The Handler Is An Idiot.

When will I ever learn? My lastest fail is deciding that instead of taking 10lb bags of flour up three flights of stairs over the course of several months, a 50lb bag of flour over the same three flights would be less hassle.

Backing up a bit, today was errand day.

This was Biggest and Littlest’s first day back at childcare since the holidays, and started out promisingly enough. However, I should note that Biggest is showing a surprising amount of the same stubborn tendencies that lead me to haul flour, and insisted on having a tantrum in the middle of the cross walk next to an extremely large puddle (that reads small-lake, really…). While I manhandled him to a safer place for a time-out, I couldn’t help but mentally chuckle at his complete ignorance. By complete ignorance, I mean that the puddle was perfectly situated for the television-commercial style car-drives-through-puddle-and-leaves-pedestrian-muddy-and-soaked. And he had no idea how close he came to being that very person. Ironically his tantrum came from being cruelly dragged away from the innocent looking puddle, and I probably could have saved myself the hauling energy because had he been splashed, he would have had a tantrum anyway. And he probably would have been mentally scarred for life because I would have died laughing. At least I saved myself a muddy laundry load.


I had an excellent workout with my mother today, and ran about 4k. I also accomplished one of my cross training strength routines, and a 4k bike ride. (I am still wondering why on earth I was crazy enough to add “marathon running” to my insanely busy schedule.) I celebrated by gorging on sausage.

Moving on, my father graciously agreed (read: accepted copious bribery) to haul my arse around for all of my errands.

#1: Retrieve Littlest’s mattress. I am ashamed to admit that he has been sleeping on a pile of blankets for most of the fall due to my inability to realize that our crib mattress was incredibly uncomfortable when presented as a normal bed. (WAY too small, we removed it after the poor kid fell off of it thrice nightly for a week.) At least he enjoyed his mound. Upon receiving his mattress this evening though, the results were priceless.

Me: Littlest, that’s your bed!

Littlest: Oooooo. *walks to it* *pats it* *sits down on it* *lays down on it*

Clearly a happy child, and he’s currently ensconced in his blanket, passed out, and sprawled out over as much of the mattress as he’s capable of taking up.

#2: Go to the bank, acquire laundry money.
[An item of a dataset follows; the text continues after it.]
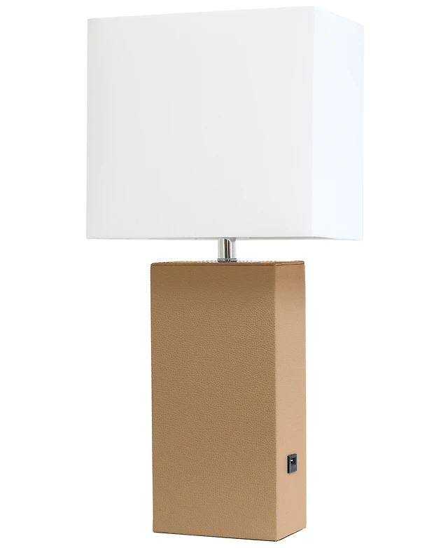 Elegant Designs Modern Leather Table Lamp with White Fabric Shade

Get worst employee ever.

#3: Move on to office supplies for husband. Discover that pen was left at home and there is literally an aisle full of look-alike ink refills. Find correct one after agonizing for 10 minutes.
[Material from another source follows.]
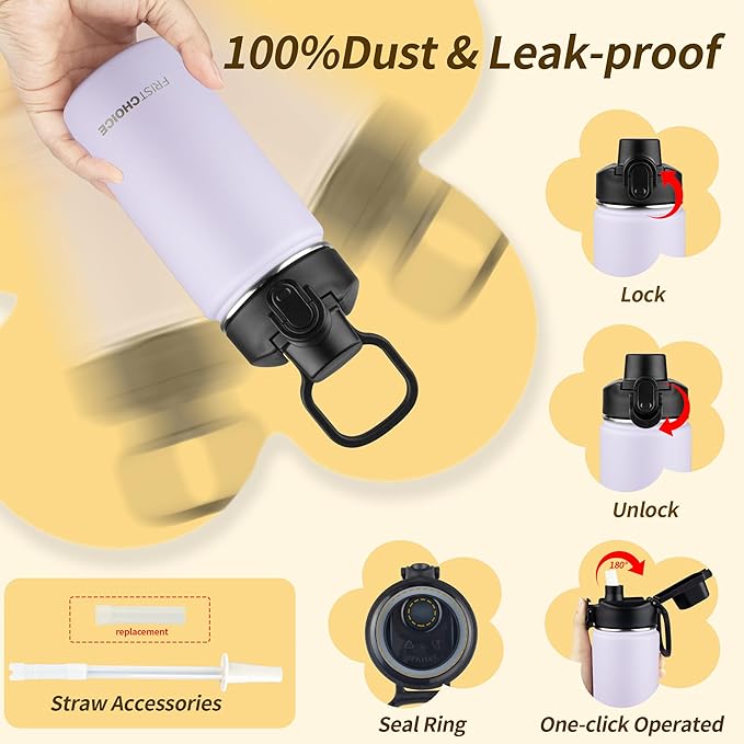 - β π³πππ-πππππ π«πππππ & π¬πππ ππ πͺππππ: Our stainless steel water bottles are equipped with a spout lid and a removable straw that free you to drink water the way you want.With just a click of a button,children can effortlessly open it with one hand.Our spout lids seal well and come with a handle to make it easy to carry.

#4: Bribe father with burger.

#5: Attempt to pay for our forgotten-for-three-years family pictures. Get lost. (Thank heavens my dad knows how to find stuff.) Finally find place, only to find out that it is closed. Figures.
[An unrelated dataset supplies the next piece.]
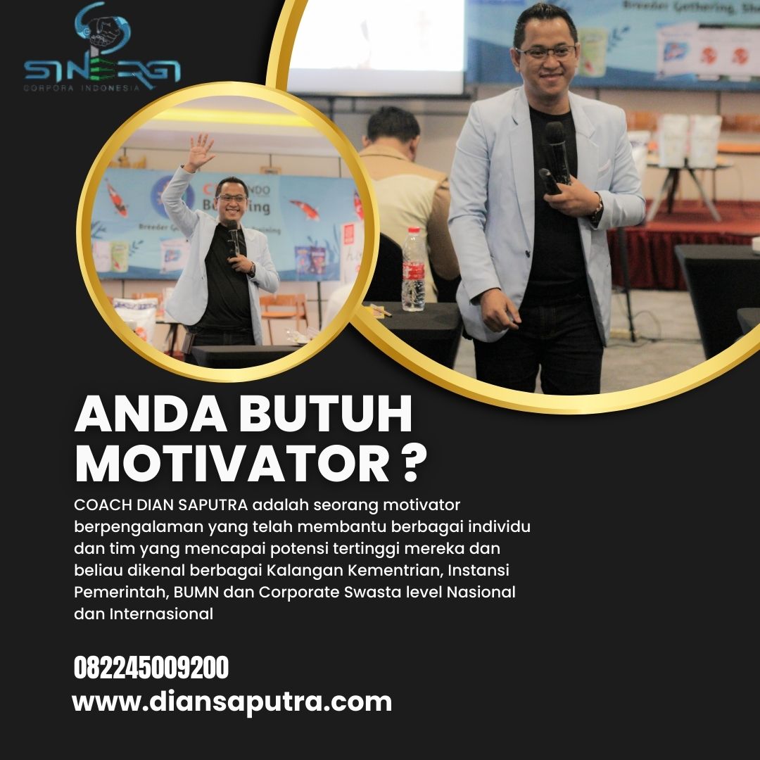 Anda Berada di Info Yang Tepat. Dian Saputra adalah seorang Motivator sekaligus Trainer sinergi corpora Indonesia yang sudah berpengalaman selama 13 Tahun. Coach Dian Saputra selalu memberikan materi yang fun dan Berdampak guna meningkatkan kinerja dan produktivitas SDM di Bisnis Anda. Coach Dian Saputra dikenal oleh Kalangan Corporate Seperti BUMN, Dinas Pemerintah, Kementerian, Hingga Corporate Swasta Lainnya berskala Nasional dan Internasional.

#6: Arrive at Stuff Mart XL. Purchase aforementioned 50lb bag of flour, and a swack load of other things. It is Stuff Mart XL after all. Also realize that all the bad drivers seen on the way have descended on Stuff Mart XL with shopping carts instead of vehicles. Flee.

#7: Escape to Espressoville. Order a cappuccinno with an extra shot to soothe battered Stuff Mart nerves. Taste no coffee whatsoever, but not until entering Grocery Mart with a buggy in tow. Return for remake. Feel slightly better about remake until realizing that all the bad drivers with bad shopping carts have followed you to Grocery Mart. Mentally shed much tears.

#8: Run home as fast as humanly possible. Haul 50lb bag of flour, as well as all the other stuff acquired in an errand run that would easily make the top 10 list of Most Insane Errand Runs Ever Taken. Discover that so much stuff has been bought that it’s leaking out into the hallway and the front door cannot close.

#9: Put away groceries, clean out fridge after discover that an unknown source of contamination has exploded on all three shelves. Mentally suggest a weekly clean to self, knowing full well that while that resolution will temporarily make self feel better, it will be unlikely to be cleaned until something else explodes.

#10. Clean kitchen, make dinner.

And lastly… the true reason for insanity…

You would think that with all of the above having gone on, one would stay home with a glass of wine. But nooooo… this idiot (me) decides to go finish errands (which, in my defense, were all the fun ones), and on the trip…. ADD TWO EXTRA TRAINING RUNS. Seriously. I ran halfway to Stuff Mart III, and all the way back. WTF? Even I, having done all that, am sitting here wondering how the heck I come up with some of these “brilliant” ideas.

*shrug* There’s not a hope in heaven, earth, or any bleeping place in between for me.

Now if you’ll excuse me, the run home has killed my thighs, and I am now going to hobble my way to bed in the hopes that I’ll feel better when the kids wake me up at 6 tomorrow screaming for their cereal before hitting daycare a second day in a row.

The Handler.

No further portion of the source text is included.